● **WORK INSTRUCTIONS**
Pictures appear among the records below and must be omitted. Repeat exactly the lines from the line with "Accompanied by the" to the line with "We designed and", both included.

● **DATA EXCERPTS**
*** Begin section ***
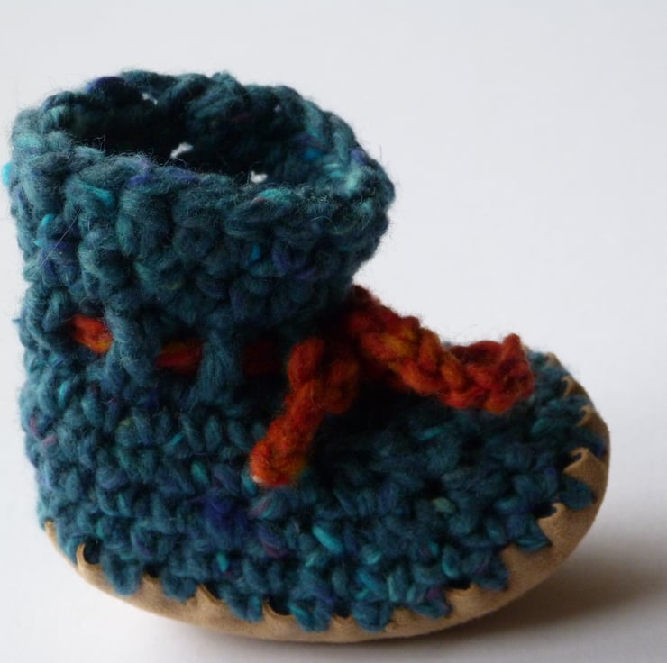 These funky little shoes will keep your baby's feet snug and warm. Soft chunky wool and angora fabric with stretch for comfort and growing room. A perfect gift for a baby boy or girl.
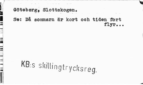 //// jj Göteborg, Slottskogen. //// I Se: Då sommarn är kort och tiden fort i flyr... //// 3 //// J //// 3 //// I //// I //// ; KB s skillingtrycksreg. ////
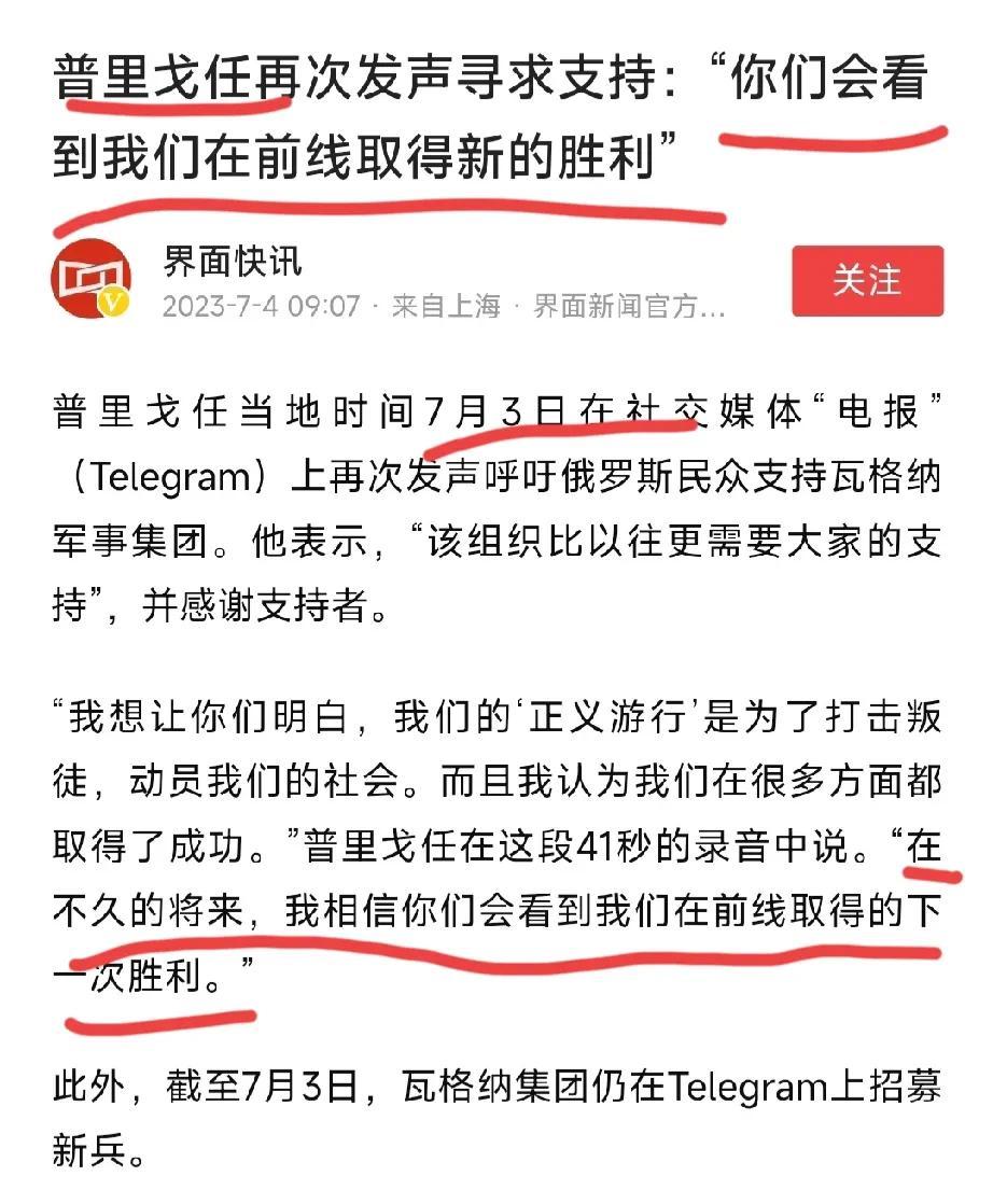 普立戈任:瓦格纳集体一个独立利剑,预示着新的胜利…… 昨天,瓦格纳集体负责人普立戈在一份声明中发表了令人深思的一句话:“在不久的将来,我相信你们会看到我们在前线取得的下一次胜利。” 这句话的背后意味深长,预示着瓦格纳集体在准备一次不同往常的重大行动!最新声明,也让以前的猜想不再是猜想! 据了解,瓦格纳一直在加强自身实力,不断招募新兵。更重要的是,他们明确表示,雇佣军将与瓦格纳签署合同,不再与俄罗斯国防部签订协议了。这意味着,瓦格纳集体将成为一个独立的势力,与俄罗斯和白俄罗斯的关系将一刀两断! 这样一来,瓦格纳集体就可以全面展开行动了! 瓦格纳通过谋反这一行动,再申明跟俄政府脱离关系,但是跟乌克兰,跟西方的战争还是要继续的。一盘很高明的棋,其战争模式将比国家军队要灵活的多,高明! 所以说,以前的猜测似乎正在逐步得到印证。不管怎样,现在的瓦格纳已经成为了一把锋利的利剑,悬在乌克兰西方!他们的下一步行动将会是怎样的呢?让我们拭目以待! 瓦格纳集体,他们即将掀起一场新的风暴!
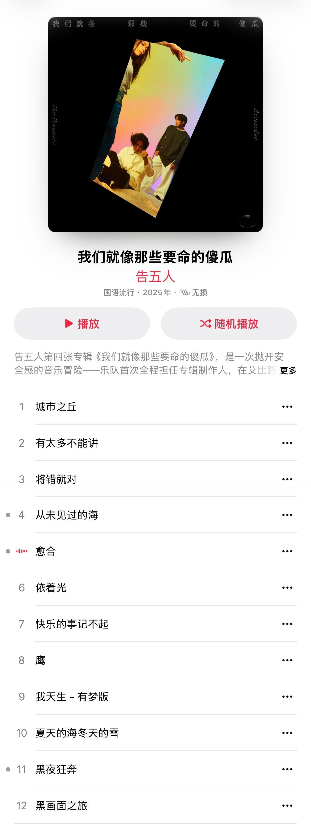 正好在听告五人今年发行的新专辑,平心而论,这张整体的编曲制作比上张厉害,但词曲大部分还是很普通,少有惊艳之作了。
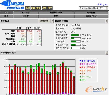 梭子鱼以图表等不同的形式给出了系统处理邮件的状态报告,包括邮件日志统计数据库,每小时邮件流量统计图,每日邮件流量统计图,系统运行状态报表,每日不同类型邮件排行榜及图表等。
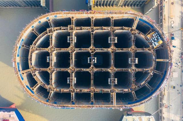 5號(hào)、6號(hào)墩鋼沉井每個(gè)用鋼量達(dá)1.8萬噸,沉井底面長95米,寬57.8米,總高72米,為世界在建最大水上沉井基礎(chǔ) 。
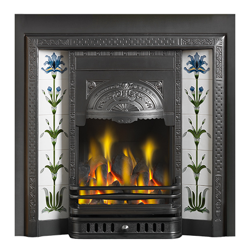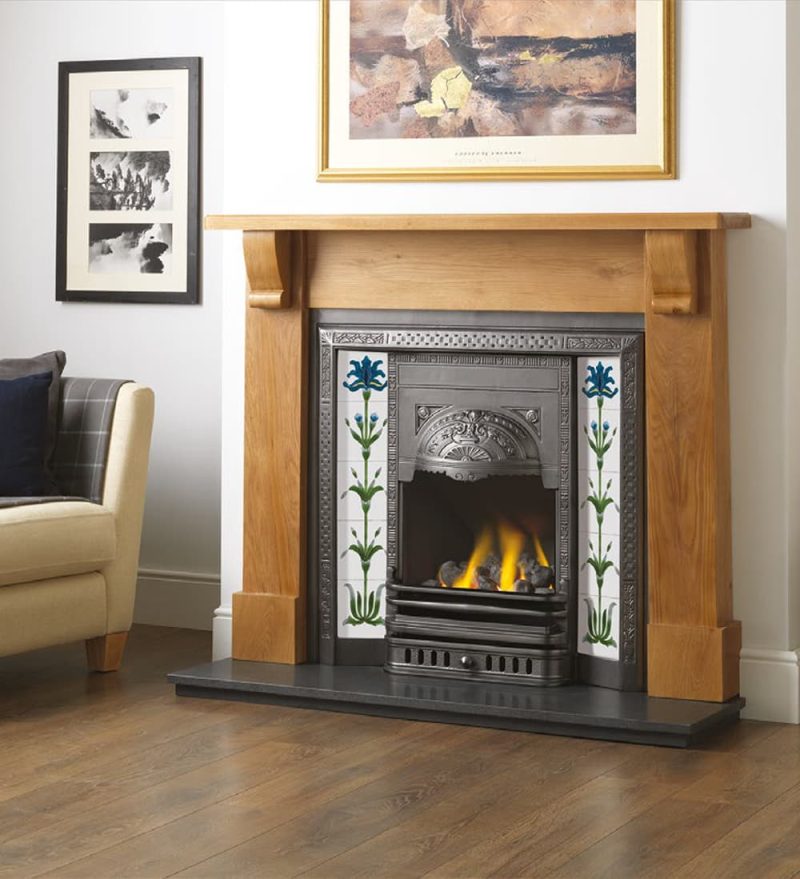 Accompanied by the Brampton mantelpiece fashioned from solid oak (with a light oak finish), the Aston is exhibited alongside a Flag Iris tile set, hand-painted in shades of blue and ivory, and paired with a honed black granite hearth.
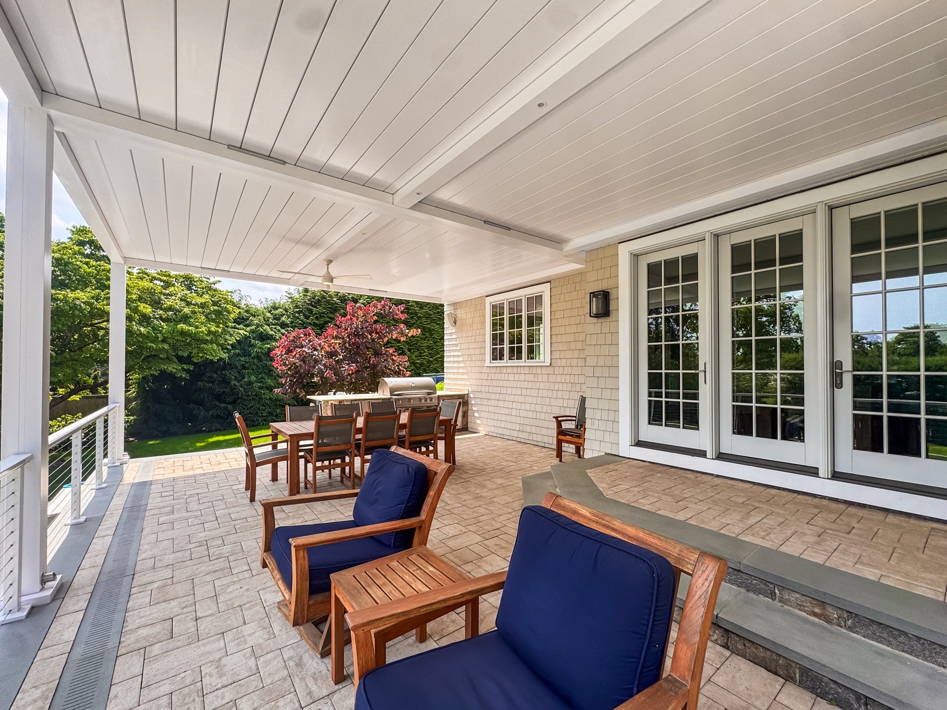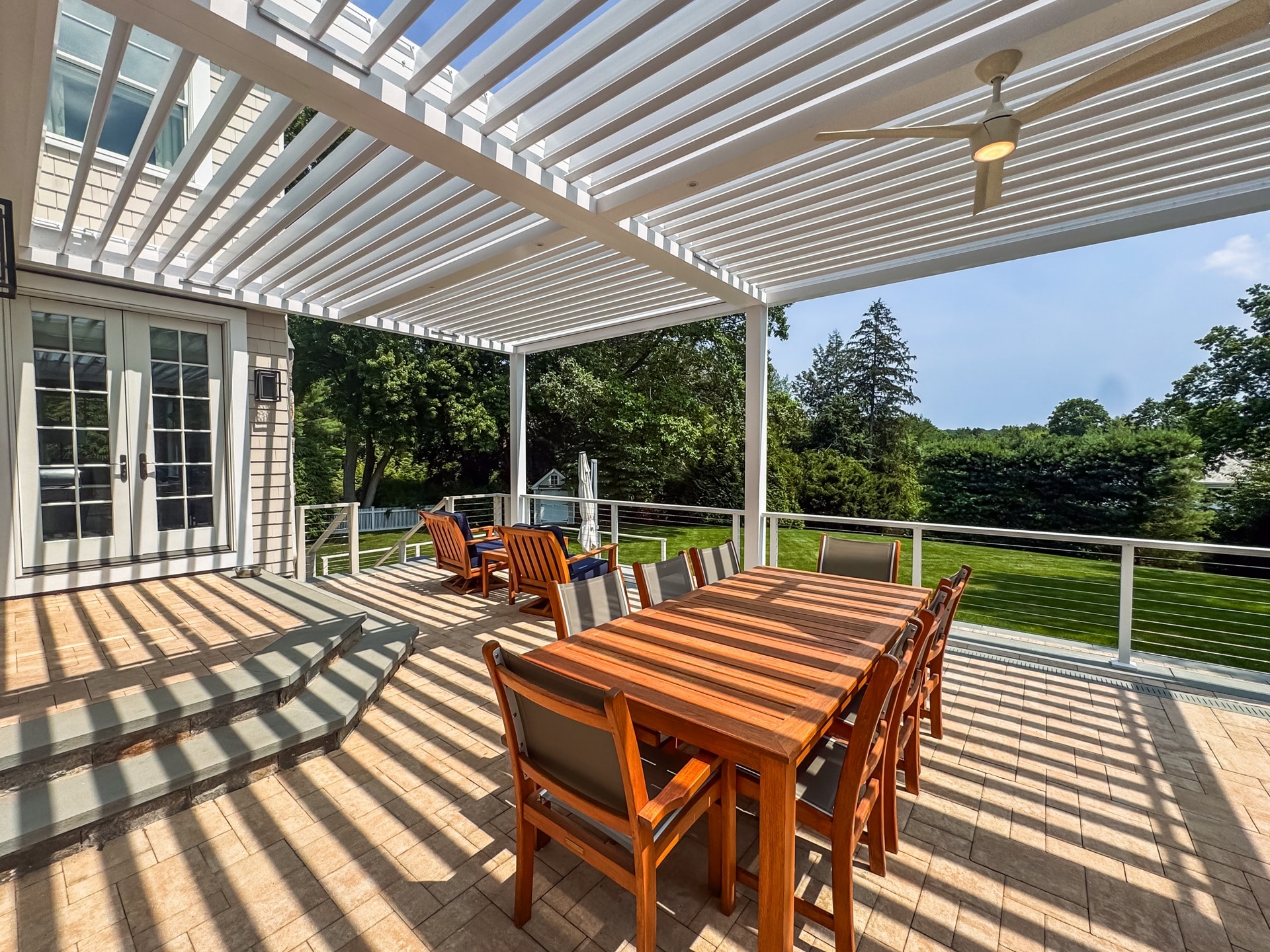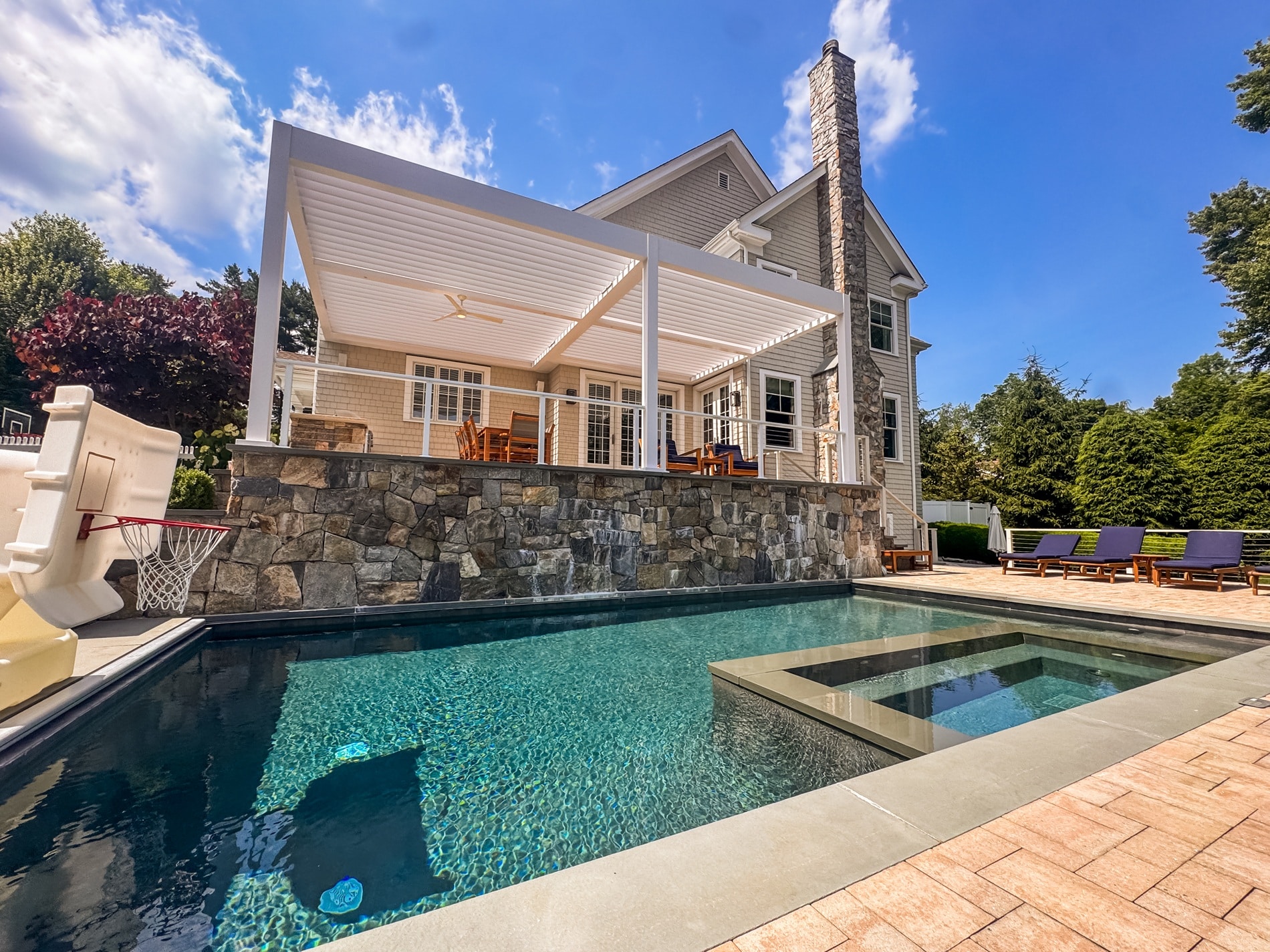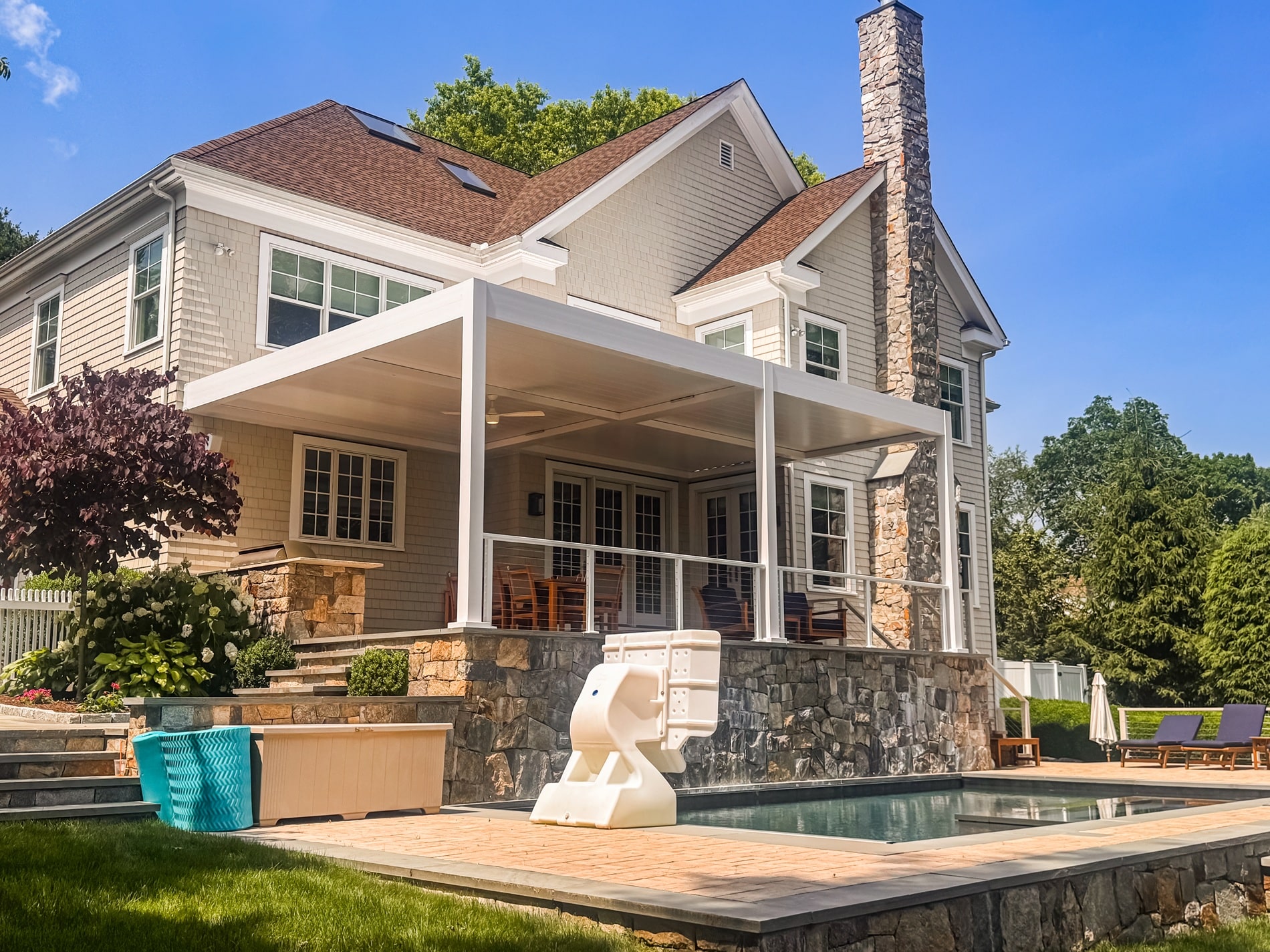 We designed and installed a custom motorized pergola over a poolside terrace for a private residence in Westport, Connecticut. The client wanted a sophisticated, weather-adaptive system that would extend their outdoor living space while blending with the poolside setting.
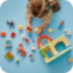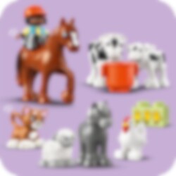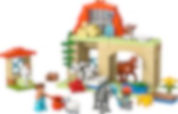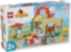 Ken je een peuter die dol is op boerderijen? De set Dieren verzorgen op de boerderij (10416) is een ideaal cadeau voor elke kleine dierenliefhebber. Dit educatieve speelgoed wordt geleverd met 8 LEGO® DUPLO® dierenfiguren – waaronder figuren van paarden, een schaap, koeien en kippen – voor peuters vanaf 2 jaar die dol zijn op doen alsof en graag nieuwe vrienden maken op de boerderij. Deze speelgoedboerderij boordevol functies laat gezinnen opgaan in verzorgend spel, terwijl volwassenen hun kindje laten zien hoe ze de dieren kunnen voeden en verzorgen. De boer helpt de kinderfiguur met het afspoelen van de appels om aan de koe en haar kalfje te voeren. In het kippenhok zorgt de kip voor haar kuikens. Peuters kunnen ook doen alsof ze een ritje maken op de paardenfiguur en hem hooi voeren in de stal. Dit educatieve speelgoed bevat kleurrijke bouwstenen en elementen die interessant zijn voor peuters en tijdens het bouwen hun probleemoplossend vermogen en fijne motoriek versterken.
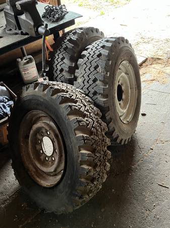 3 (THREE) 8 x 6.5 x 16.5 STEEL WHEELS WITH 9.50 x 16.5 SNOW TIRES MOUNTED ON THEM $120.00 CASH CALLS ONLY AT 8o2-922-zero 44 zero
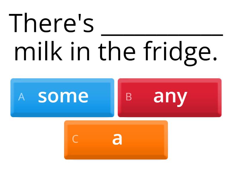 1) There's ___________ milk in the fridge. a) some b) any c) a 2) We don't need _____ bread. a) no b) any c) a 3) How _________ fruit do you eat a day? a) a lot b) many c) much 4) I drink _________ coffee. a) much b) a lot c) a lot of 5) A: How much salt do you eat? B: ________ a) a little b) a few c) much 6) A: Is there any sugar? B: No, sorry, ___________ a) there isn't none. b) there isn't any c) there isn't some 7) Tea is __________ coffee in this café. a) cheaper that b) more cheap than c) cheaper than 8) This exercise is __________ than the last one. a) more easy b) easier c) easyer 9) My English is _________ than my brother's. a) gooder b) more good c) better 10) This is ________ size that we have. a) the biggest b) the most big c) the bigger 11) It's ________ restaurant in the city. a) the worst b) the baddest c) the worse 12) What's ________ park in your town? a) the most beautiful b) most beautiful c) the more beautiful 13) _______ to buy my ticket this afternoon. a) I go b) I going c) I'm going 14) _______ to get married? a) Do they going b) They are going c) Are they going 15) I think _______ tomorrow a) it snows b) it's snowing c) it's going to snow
*** End section ***
● **ANSWER BOX**
 Accompanied by the Brampton mantelpiece fashioned from solid oak (with a light oak finish), the Aston is exhibited alongside a Flag Iris tile set, hand-painted in shades of blue and ivory, and paired with a honed black granite hearth.
 We designed and installed a custom motorized pergola over a poolside terrace for a private residence in Westport, Connecticut. The client wanted a sophisticated, weather-adaptive system that would extend their outdoor living space while blending with the poolside setting.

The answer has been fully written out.